第13章
Of Paternal Power 52. IT may perhaps be censured an impertinent criticism in a discourse of this nature to find fault with words and names that have obtained in the world. And yet possibly it may not be amiss to offer new ones when the old are apt to lead men into mistakes, as this of paternal power probably has done, which seems so to place the power of parents over their children wholly in the father, as if the mother had no share in it; whereas if we consult reason or revelation, we shall find she has an equal title, which may give one reason to ask whether this might not be more properly called parental power? For whatever obligation Nature and the right of generation lays on children, it must certainly bind them equal to both the concurrent causes of it. And accordingly we see the positive law of God everywhere joins them together without distinction, when it commands the obedience of children: "Honour thy father and thy mother" (Exod.
20. 12); "Whosoever curseth his father or his mother" (Lev. 20. 9);
"Ye shall fear every man his mother and his father" (Lev. 19. 3);
"Children, obey your parents" (Eph. 6. 1), etc., is the style of the Old and New Testament.
53. Had but this one thing been well considered without looking any deeper into the matter, it might perhaps have kept men from running into those gross mistakes they have made about this power of parents, which however it might without any great harshness bear the name of absolute dominion and regal authority, when under the title of "paternal" power, it seemed appropriated to the father; would yet have sounded but oddly, and in the very name shown the absurdity, if this supposed absolute power over children had been called parental, and thereby discovered that it belonged to the mother too. For it will but very ill serve the turn of those men who contend so much for the absolute power and authority of the fatherhood, as they call it, that the mother should have any share in it. And it would have but ill supported the monarchy they contend for, when by the very name it appeared that that fundamental authority from whence they would derive their government of a single person only was not placed in one, but two persons jointly. But to let this of names pass.

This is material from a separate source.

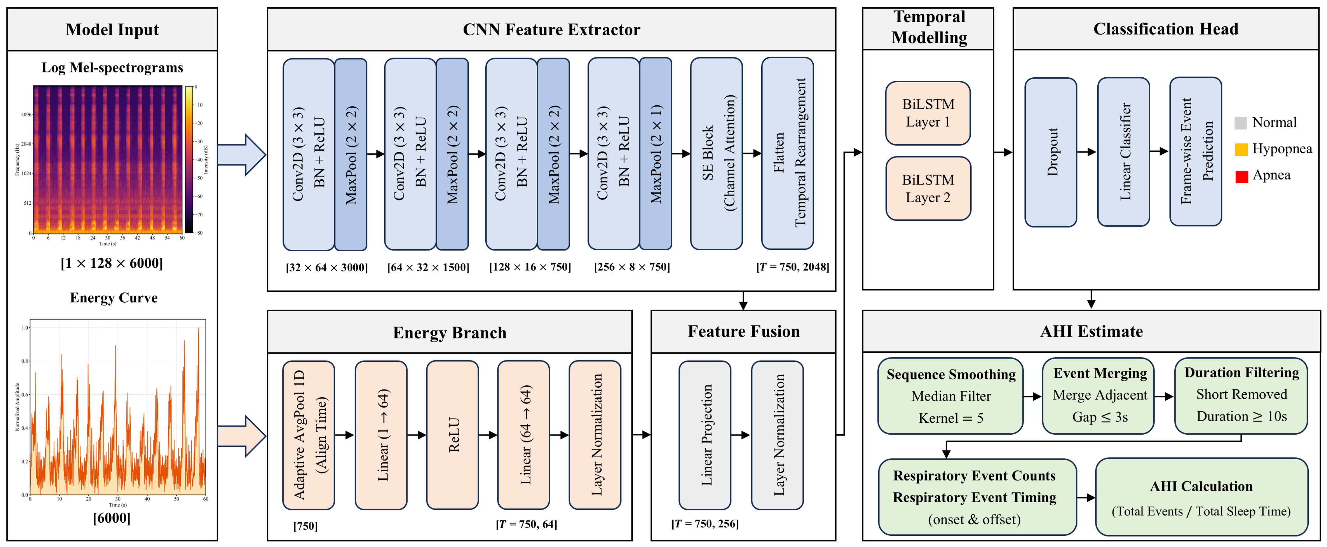 18]. While this approach is efficient for rapid screening, it operates as a “black box,” failing to provide crucial clinical details such as the Apnea-Hypopnea Index (AHI) or the temporal distribution of respiratory events. Second, segment-level analysis divides audio into fixed-duration epochs (e.g., 30 s) to determine the presence of respiratory events within each segment [

54. Though I have said above (2) "That all men by nature are equal,"
I cannot be supposed to understand all sorts of "equality." Age or virtue may give men a just precedency. Excellency of parts and merit may place others above the common level. Birth may subject some, and alliance or benefits others, to pay an observance to those to whom Nature, gratitude, or other respects, may have made it due; and yet all this consists with the equality which all men are in respect of jurisdiction or dominion one over another, which was the equality I there spoke of as proper to the business in hand, being that equal right that every man hath to his natural freedom, without being subjected to the will or authority of any other man.
55. Children, I confess, are not born in this full state of equality, though they are born to it. Their parents have a sort of rule and jurisdiction over them when they come into the world, and for some time after, but it is but a temporary one. The bonds of this subjection are like the swaddling clothes they are wrapt up in and supported by in the weakness of their infancy. Age and reason as they grow up loosen them, till at length they drop quite off, and leave a man at his own free disposal.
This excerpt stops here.